- Prithvipur Location in Madhya Pradesh, India Prithvipur Prithvipur (India)
- Coordinates: 25°11′7″N 78°39′54″E﻿ / ﻿25.18528°N 78.66500°E
- Country: India
- State: Madhya Pradesh
- Region: Bundelkhand
- District: Niwari

Government
- • Type: Public
- • Body: City Council
- • MLA: Late Brijendra Singh Rathore

Population (11)
- • Total: 42,883
- Time zone: UTC+5:30 (IST)
- PIN: 472338
- Telephone code: 07680
- ISO 3166 code: IN-MP
- Vehicle registration: MP-71
- Website: https://niwari.nic.in

= Prithvipur =

Prithvipur is a town and a nagar parishad in Niwari district in the Indian state of Madhya Pradesh.
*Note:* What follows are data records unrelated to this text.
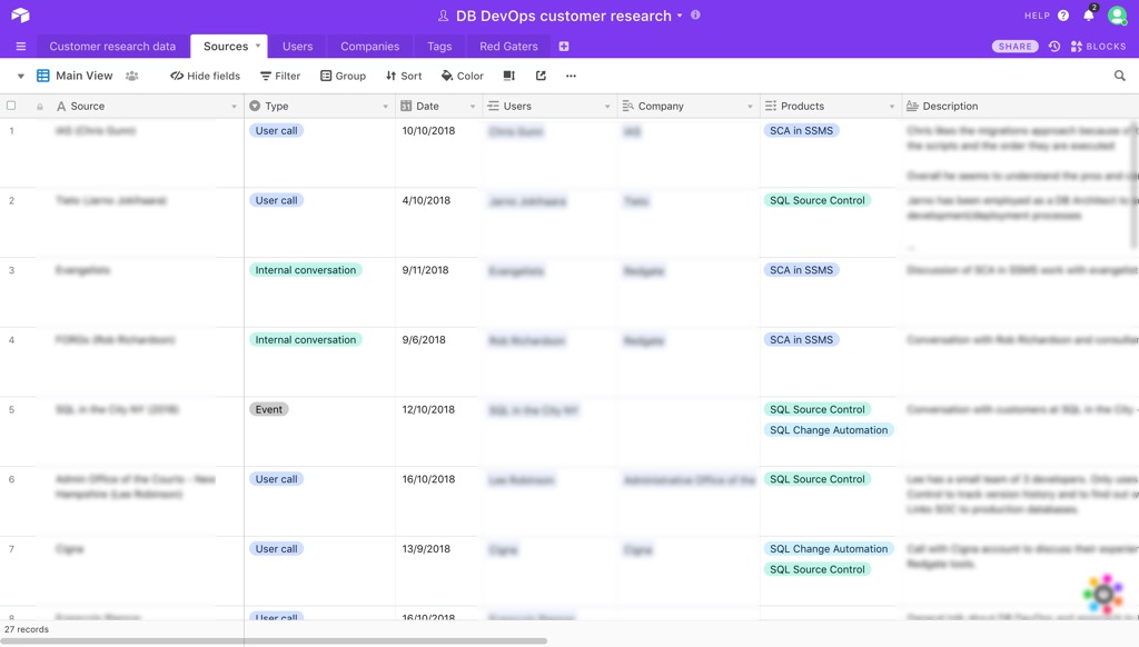 電話調査やユーザビリティテストなどで得られたカスタマーリサーチの詳細を、Airtableに記録します。このとき、リサーチノートなどのカスタマーリサーチの生データへのリンクも合わせて書きましょう。Airtableの表には実施したリサーチの記録と、関わった顧客の記録を載せてください。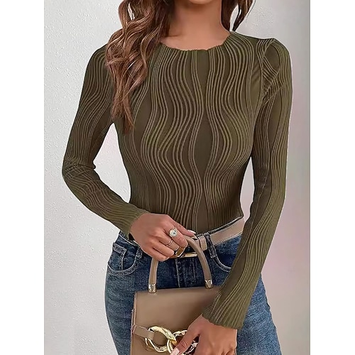 Per donna Maglietta Tinta unica Elegante Essenziale Casual Manica Lunga Girocollo Top Regolari Quotidiano Nero Rosa Rosso Blu Verde Primavera Autunno Inverno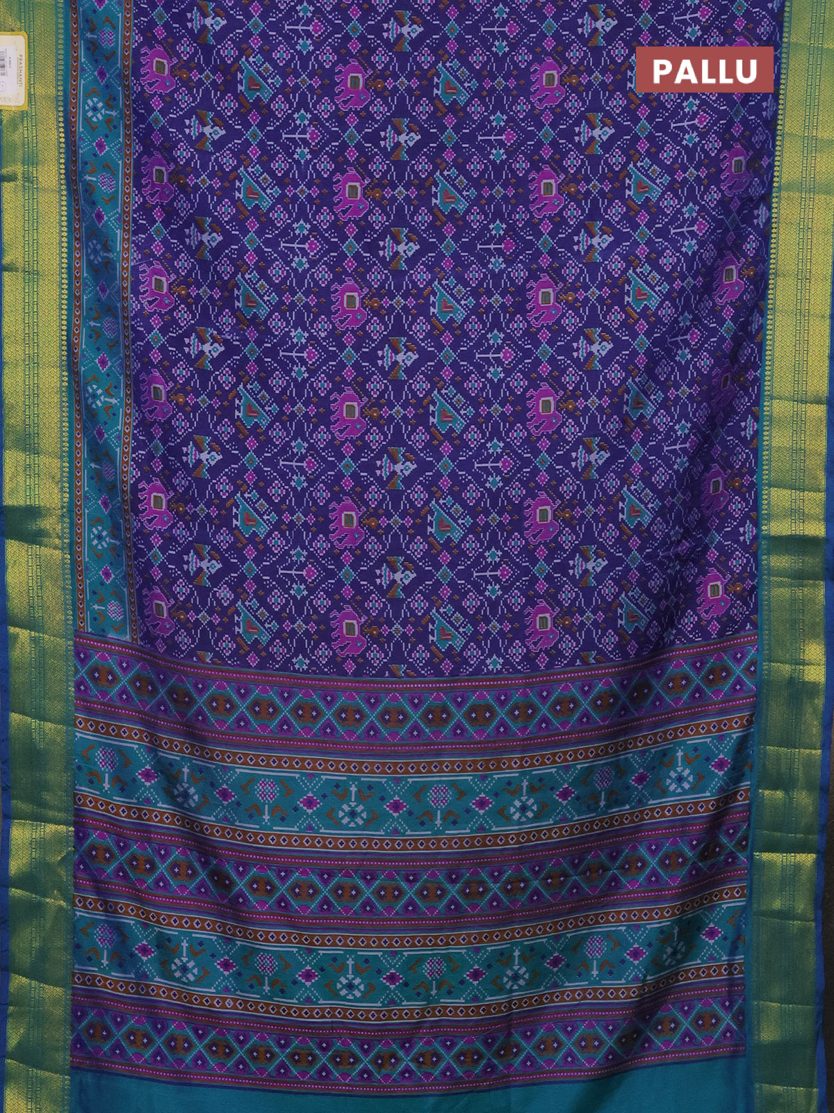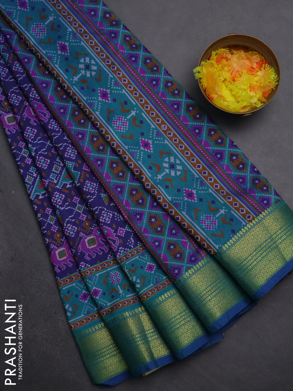 Semi tussar saree dark blue and dual shade of blue with allover patola prints and zari woven border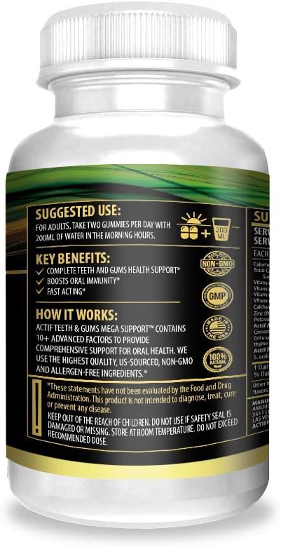 - Actif Teeth & Gums Mega Support - Gummies with Essentials Non-GMO + Oral Probiotics Supplement for Mouth - Plant-Based Calcium, Collagen, Magnesium, Vitamin C, D3, K2, Zinc – Oral Care & Dental Multivitamin Supplements - 90 Gummies

It is the administrative headquarters of Prithvipur tehsil in the Niwari sub-division of the district.

==Demographics==
As of 2001 India census, Prithvipur had a population of 32,542. Males constitute 53% of the population and females 47%. Prithvipur has an average literacy rate of 50%, lower than the national average of 59.5%: male literacy is 60%, and female literacy is 39%. In Prithvipur, 18% of the population is under 6 years of age.Prithvipur is bigger than Orchha Tehsil of Niwari District.

==Government==
Prithvipur Assembly constituency is one of the 230 Vidhan Sabha (Legislative Assembly) constituencies of Madhya Pradesh state in central India. Nitendra Singh Rathore is current MLA from Prithvipur.